The impact on growth was not a rounding error, as we said amid the wall-to-wall hysteria in the iMSM at the time.
Given
China’s near-complete powerlessness, why is Albo face down licking
Beijing’s boots instead of taking heed of the warning and building
Australian economic resilience for the next round of Chinese warfare?
Anonymous
1 comment:
Seven in ten Chinese Australians believe Australia should remain neutral in the event of a military conflict between China and the United States — a view shared by only half of the Australian population. Yet there are differences within the Chinese Australian communities. Of those born in mainland China, 73 per cent say Australia should remain neutral compared to 65 per cent of those born in Australia and 61 per cent of those born in Hong Kong.
But the headlines and aggressive political rhetoric about China homogenises and reinforces public perceptions about China and inadvertently, Chinese Australians.
The political rhetoric about China has changed under the Labor government. But more work needs to be done to create a cohesive Australian society in the face of persistent discrimination and negative portrayals of China and ethnic Chinese in the media.
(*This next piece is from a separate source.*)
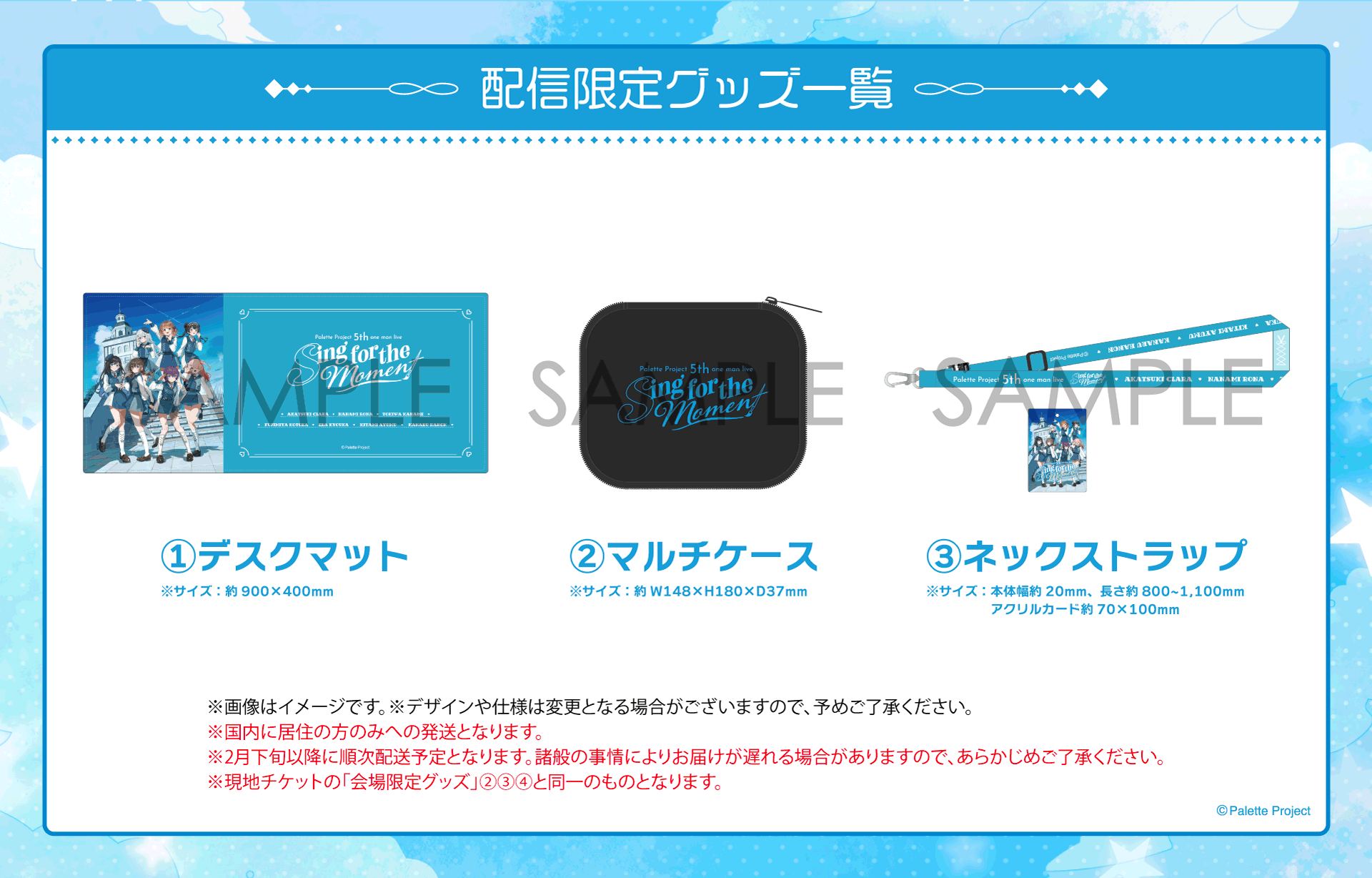 「直筆サイン入りチェキ風カード」「会場限定グッズ デスクマット」「会場限定グッズ マルチハードケース」「会場限定グッズ ネックストラップ」

The evolution of the Australia–China debate and its impact on Chinese Australian communities show that foreign and defence policies and national security should not be treated as separable from domestic politics. Public discussions about such policies have a quantifiable impact on a large proportion of Australia’s population.
How Australia should navigate the intersection of national security and social cohesion with China is uncertain. Increasing cultural and linguistic diversity among Australia’s national security and intelligence community could help.
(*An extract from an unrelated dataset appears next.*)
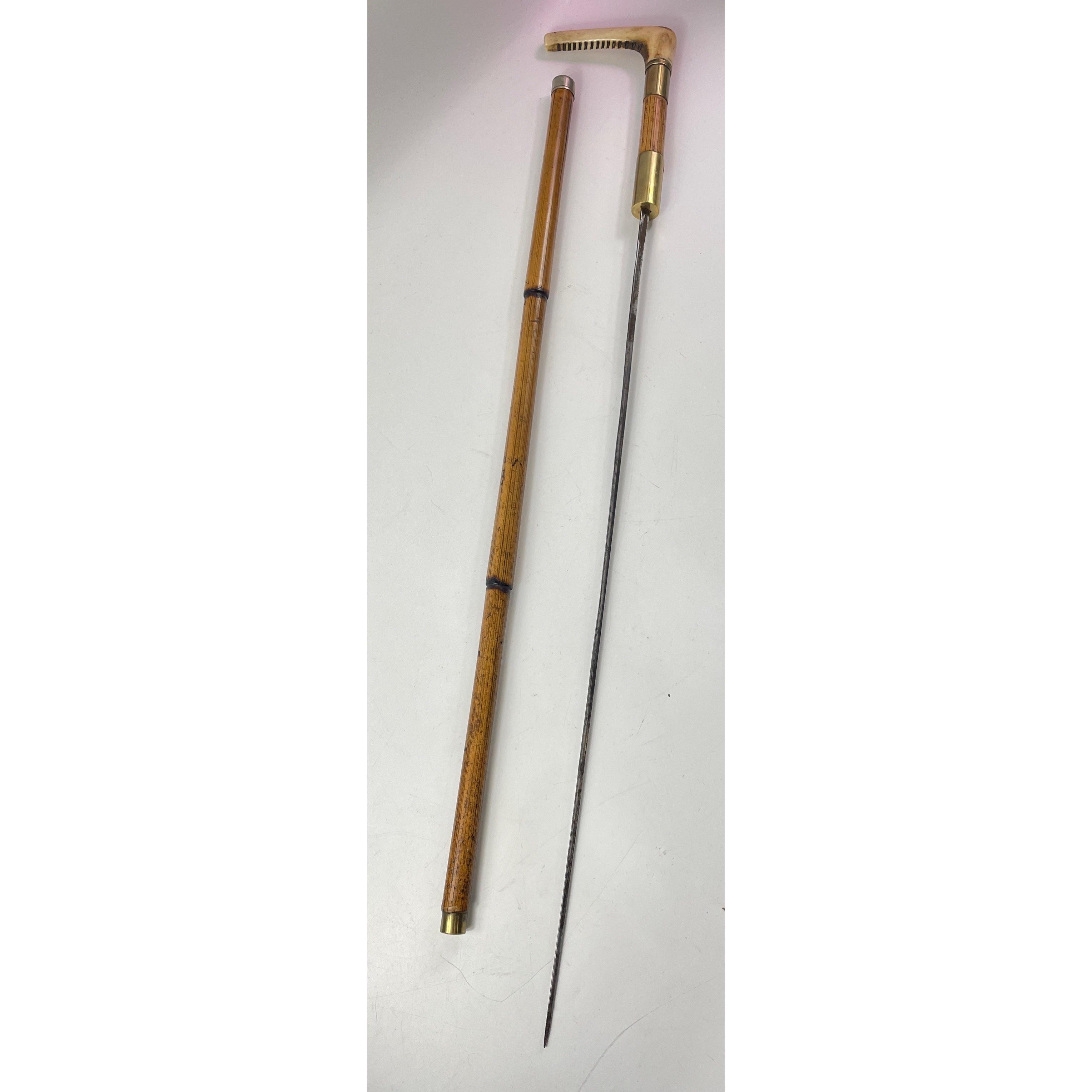 Late VICTORIAN Horn Handled bamboo shaft Sword Stick. Possible replacement ferrule. Slight issue with the fitting but the blade is original triangular style - blade length 65cm approx - 89cm total lenth - complete and rather menacing looking. Overall a very interesting and collectable piece.

Australia’s Chinese diaspora and their bicultural skills should be channelled as an asset into helping navigate the Australia–China relationship.
Workforce diversification is not a new argument and some will contend that it will not change Australia’s basic orientation when it comes to national security. But from a technical expertise perspective, Australia’s intelligence community is lacking cultural and linguistic diversity. Government departments involved in managing Australia–China relations appear to be ill-equipped for the strategic moment when only 1.2 and 1.7 per cent of Department of Foreign Affairs and Trade staff and the defence workforce respectively are proficient in Mandarin.
Diversity in key intelligence institutions creates ‘a synergy of different perspectives’ to address complex issues that can increase the array of policy options available to governments. Australia could start seeing Chinese politics in a more nuanced way rather than as a pyramid where President Xi Jinping sits atop. There is a lot of policy entrepreneurialism at the local level in Chinese politics and local officials often conduct government affairs that subvert the complete control of the Chinese Communist Party.
Perhaps those who make calculations about China’s role in Australia’s region will see that a myriad of interests shape China — and that a one-size-fits-all policy does not suffice when managing Australia–China relations — if they accept that China is more complex than Xi Jinping and the Chinese Communist Party. Greater cultural and linguistic diversity in government will ultimately shape how Australia sees Chinese Australian communities too. They are pluralistic and diverse with skills that can benefit the nation.
The lack of diversity across key Australian public and international facing institutions presents huge obstacles when addressing the complex nature of Australia’s relationship with China, let alone with the world.